AOTW Review :: Tame Impala ‘Lonerism’

October 5th 2012


Kevin Parker carries the souls of psychedelic rock’s godfathers in his heart and has his brain plugged into the fizzling circuitry of a modern electronic music producer. But the hardware in his head has had an upgrade; this entity we refer to as Tame Impala has evolved. Ideas flow between Parker’s heart and brain at incredible speeds, swirling around, combining, separating, balancing. Step back in your mind’s eye and you’ll see a whirlpool of ideas.

Now hit play on the new Tame Impala LP and imagine Parker in his studio, sitting on a stool with his back against the wall, a single globe burning above him. In front of him is a higgledy piggledy collection of percussion instruments. Each hand clenches a thin piece of wood, his knuckles whitening as an endless mantra whispers in the back of his mind:


He hesitates for a second, then flicks a switch at the back of his head. Eyes glazing over, he surrenders to the forces inside of him that slowly whirr into life. All conscious thoughts are sucked away into a vacant corner of his mind and sealed in, and soon his hands relax their grip on the drumsticks – now Kevin is gone, and Tame Impala is here. There is no urgency, but when it feels right, the beast’s arms eventually come to life filled with vigour, powering its hands towards the tom drums suspended in front of him. Its wrists snap back and forward as they pound on the drum skins, violent but under control. As the creature’s insides flow into the drum kit, some of the hits start to distort and squelch unnaturally, their digital echoes attacking the air around them.

It is good, but more is needed.
An infinitely dense beam of colour immediately bursts forth from the very centre of the creature’s forehead, pushing waves of sound around this moment in time.
As the waves continue to swell and fade, the beast opens its mouth, broadcasting in otherworldly tones:

“And I know that I gotta be above it now
And I know that I can’t let them break me down
And I gotta bide my time as I’m facin’ the crowd
And I know that I gotta be above it now”

All this eventually sates the anomaly that sits on that stool, and it reaches behind its head for the switch.

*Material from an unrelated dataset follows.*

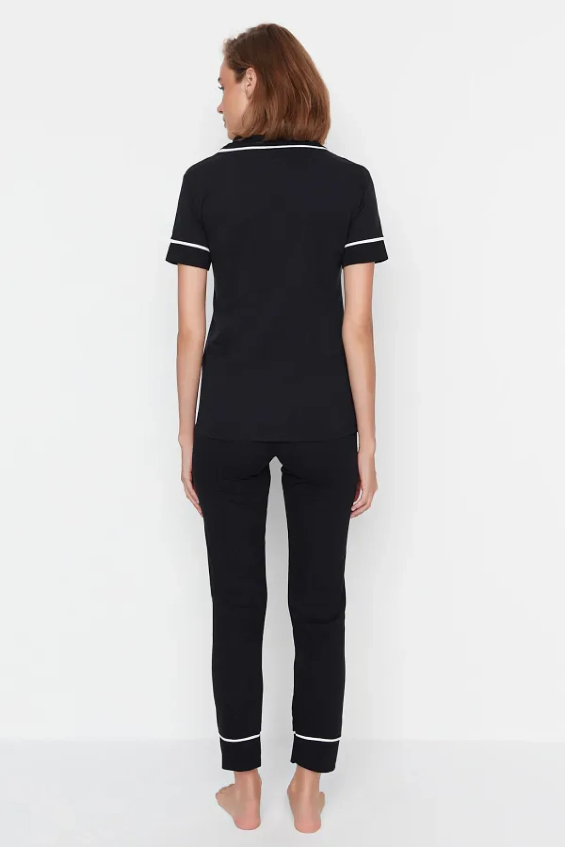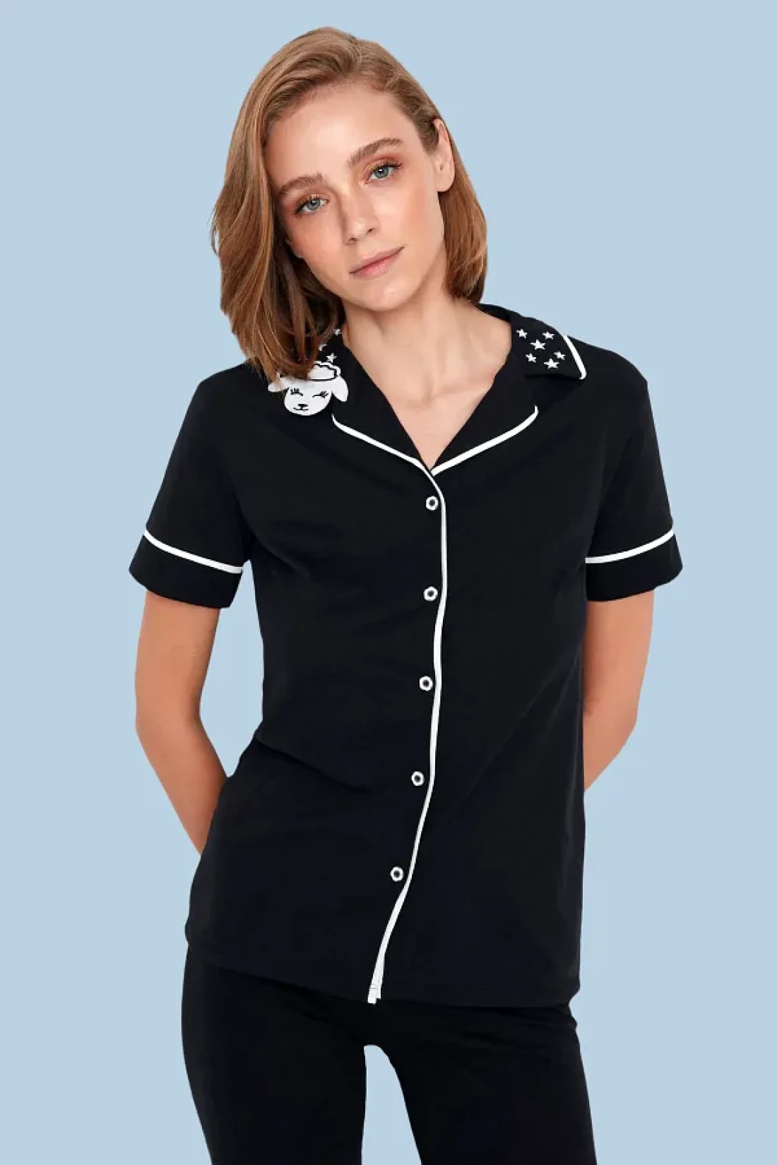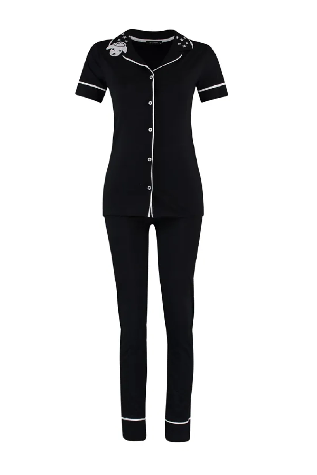 Collection Black Cotton Collar Lamb Printed Close-Fitting Fit Knitted Pajamas Set Thmaw22Pt0704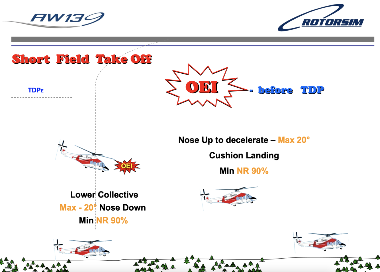 describe OEI before TDP on short field T/O with speeds, altituds and NR

This first track from Kevin Parker’s new album Lonerism is certainly an attention-capturing way to kick things off and showcase his melding of the analogue and digital worlds, but like its predecessor, InnerSpeaker, it explores many different moods and themes within these boundaries. Mind Mischief is a latter-day-Beatles-esque love song that sets you twirling around in space surrounded by fuzzy guitar licks and layers of phasered vocals singing sweet melodies, whereas ‘Nothing That Has Happened So Far Has Been Anything We Could Control’ takes you on a complete journey. It opens with what sounds like an electronically-altered harpsichord, before being carried forward by an irresistible drum groove which sits under incomprehensible lyrics. Synthesised arpeggios occasionally circle overhead after a strange conversational interlude, and eventually any pretense of song structure is dropped, leaving several mountains of delicious sounds to gorge on after repeated listens. There’s even a rare treat in ‘Sun’s Coming Up’: a raw ballad with nothing but vocals and piano playing simple chords and melodies, i.e. the antithesis of this musical project’s usual antics. Of course this particular track is drenched in the echoes of guitars before long, as there’s no better fitting way to close out a Tame Impala album.

It was fantastic seeing Parker with his band at Splendour In The Grass and Parklife this year. Their showmanship might be undermined when they’re preceding a band like Passion Pit, but their connection to the music is often far more interesting to watch than a guy jumping around on stage to get the crowd psyched. In one particular moment at Parklife last Sunday, Parker was noodling away on his guitar for a while as the rest played it down in the background, then all of a sudden each body on stage fell forward with their instruments, hitting that one single note together as they launched back to full strength as one unified sound… it was a powerful moment. As Lonerism is a noticeably more electronic record, it will be fascinating to see how – and if – the boys can bring moments like that to life on stage now. If they can, things could get very interesting with album number three.